Lazy Finder

2010-01-19 20:57:40 -08:00

This is an expansion of a reply I wrote to a tweet by Daniel Jalkut. He wrote:

Imagine if the iPhone home screen showed a matrix of “generic” icons before filling in real ones. Mac Finder is a disgrace.

He’s referring to behavior introduced in Snow Leopard: When you visit a folder for the first time in a session, the Finder shows every symbolic link and alias with the kUnknownFSObject icon ( this one ), every application with the generic application icon, every file with the generic document icon, and every folder with the generic folder icon, before displaying the item’s real icon and then its Quick Look thumbnail.

Compare the environment of SpringBoard (on a non-jailbroken device) to that of Finder:

iPhone Mac OS X

Every item is of one kind: Application.

Items are of any of three kinds: File, folder, and bundle. The Finder must handle each kind differently.

Everything is on one iPhone’s worth of flash memory.

Files may be distributed over any number of volumes, local and remote; however, the general case is all files on one hard disk, which is the startup disk.
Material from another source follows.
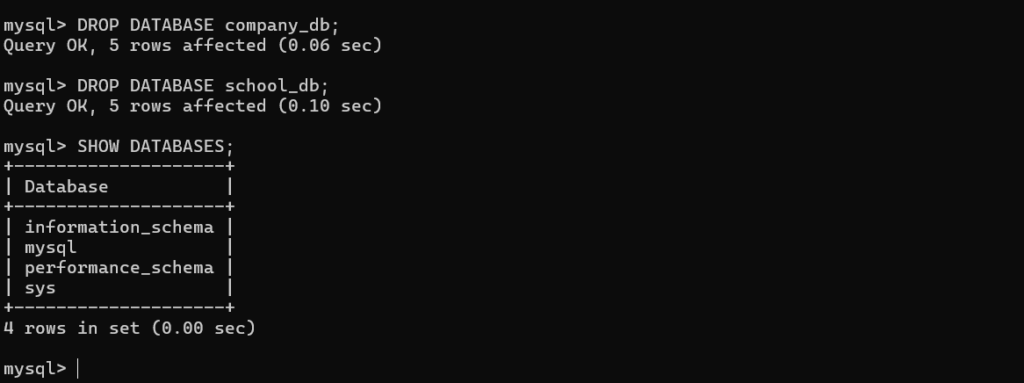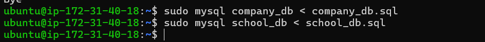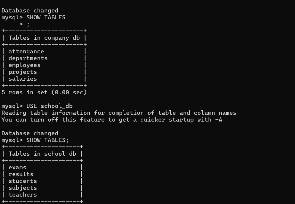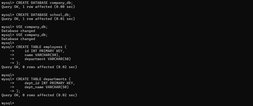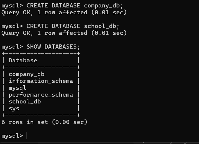 Next, we created two databases named company_db and school_db. These databases represent different domains, which helps simulate a real-world scenario.
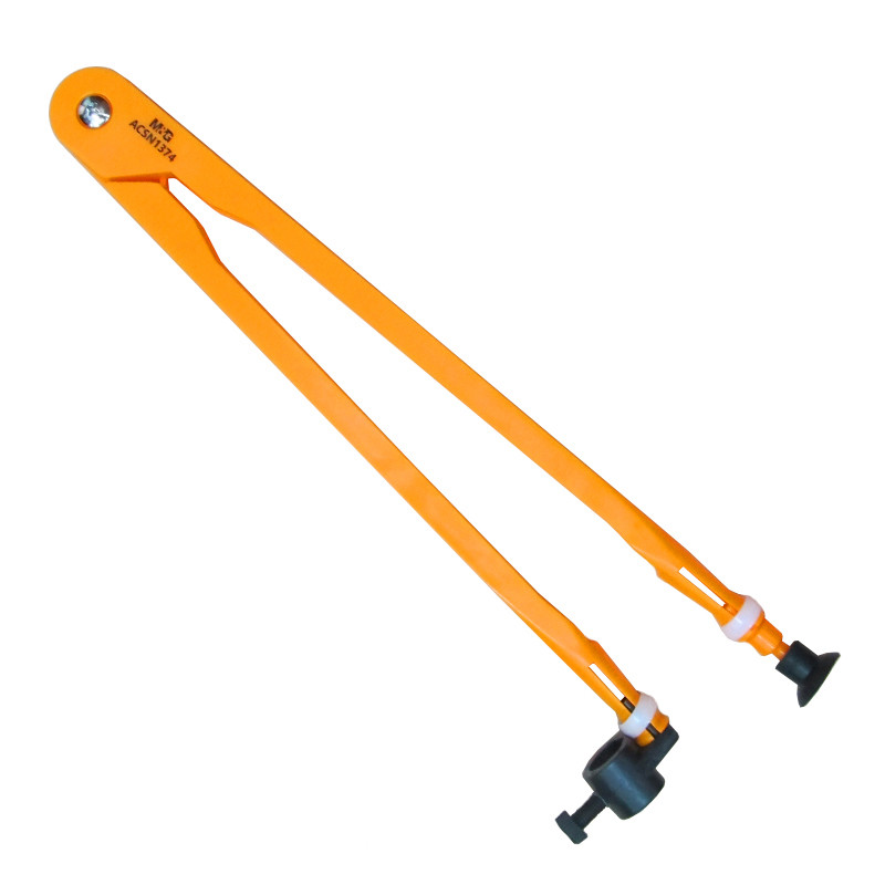 Boussole pour dessin et mesure du travail. Les jambes de la boussole sont articulées. Sur une jambe, il y a une ventouse en caoutchouc, sur la seconde, il y a un support pour la craie.

Because the iPhone doesn’t allow background processes, it’s the only app running, with only a few built-in, light-on-file-system-access exceptions (the heaviest of which is probably Mail).

Any number of applications may be running, and they may be accessing files on the same volume you’re browsing.

Accessing any file in flash memory is as quick as accessing any other file (random access).

Disks are not so predictable: Accessing one file and then another can incur milliseconds of seek time. Doing this repeatedly for dozens or hundreds of files (possibly in multiple Finder windows at different scroll positions) may cause the disk to thrash. You can hope that the OS can put the requests into a favorable order, but you can’t rely on it, and there’s only so much it can do.

Flash memory is always active.

Most users aren’t using flash memory. Hard disks may be spun down to conserve power. If this is the case, the disk will need to be spun up, which can take seconds.

All files (that is, all applications) are local.

Some volumes may be on remote machines, across a local network or the internet; depending on throughput and latency, every access to such a volume can take tenths of a second.

All applications are in one place, making caching of icons or their filenames easy.

Applications aren’t the only user-visible bundles, and any bundle can be anywhere.

Compare also how SpringBoard and Finder obtain icons*:

iPhone Mac OS X

Assuming that the icons themselves aren’t cached:

  1. Look up the application’s icon filename in the bundle’s Info.plist (or a cache of icon filenames).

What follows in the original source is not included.